Ahmadinejad slams Saudi role in Yemen conflict

14 Jan, 2010

Iran's president lashed out at Saudi Arabia on Wednesday over its role in Yemen's conflict with Shia rebels, saying it should try to foster peace rather than use weapons against fellow Muslims. The comments by President Mahmoud Ahmadinejad were the strongest criticism yet by predominantly Shia Muslim Iran of mainly Sunni Saudi Arabia over Riyadh's involvement in the Yemen conflict.
"We were expecting that Saudi Arabian officials act like a mentor and make peace between brothers, not that they themselves enter the war and use bombs and machineguns against Muslims," Ahmadinejad said in a televised speech.
"If only a small part of the weapons of Saudi Arabia were used in favour of Gaza and against the Zionist regime (Israel), today there would be no sign of the Zionist regime in the region," he said on state television.

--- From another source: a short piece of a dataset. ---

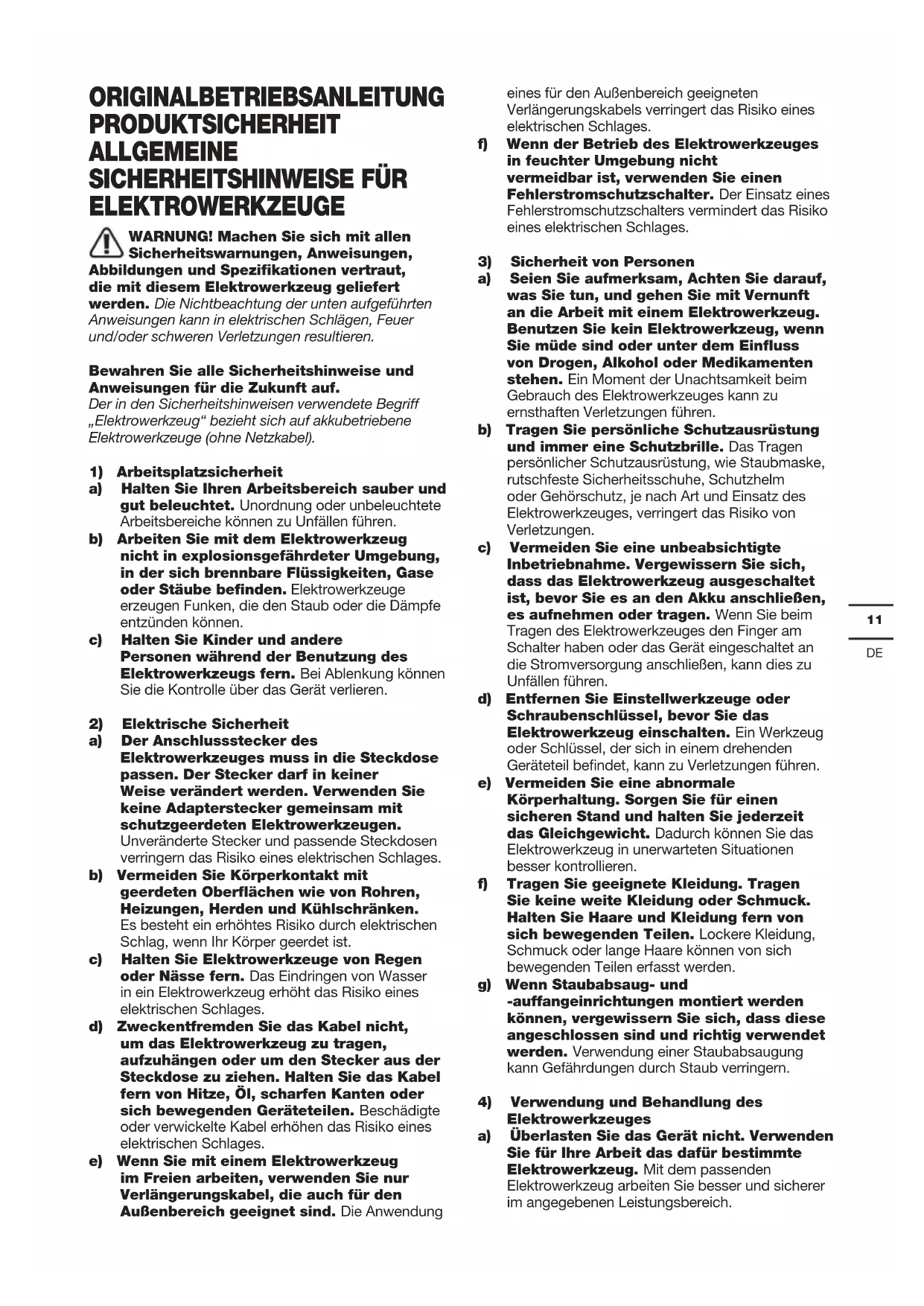 ELEKTROWERKZEUGE WARNUNG! Machen Sie sich mit allen Sicherheitswarnungen, Anweisungen, Abbildungen und Spezifikationen vertraut, die mit diesem Elektrowerkzeug geliefert werden. Die Nichtbeachtung der unten aufgeführten Anweisungen kann in elektrischen Schlägen, Feuer und/oder schweren Verletzungen resultieren. Bewahren Sie alle Sicherheitshinweise und Anweisungen für die Zukunft auf. Der in den Sicherheitshinweisen verwendete Begriff „Elektrowerkzeug“ bezieht sich auf akkubetriebene Elektrowerkzeuge (ohne Netzkabel).

Ahmadinejad said Saudi Arabia, the world's top oil producer and a US ally, used crude oil income to buy weapons which are then used to "kill brothers" and create sedition.
Ahmadinejad, who often rails against the West, also said he believed the United States, Britain and Israel were behind the Yemen conflict, aiming to "set the whole region on fire" in a bid to dominate the Middle East. "I hope that my Yemeni brothers sit down and talk and negotiate and solve the problems," he said.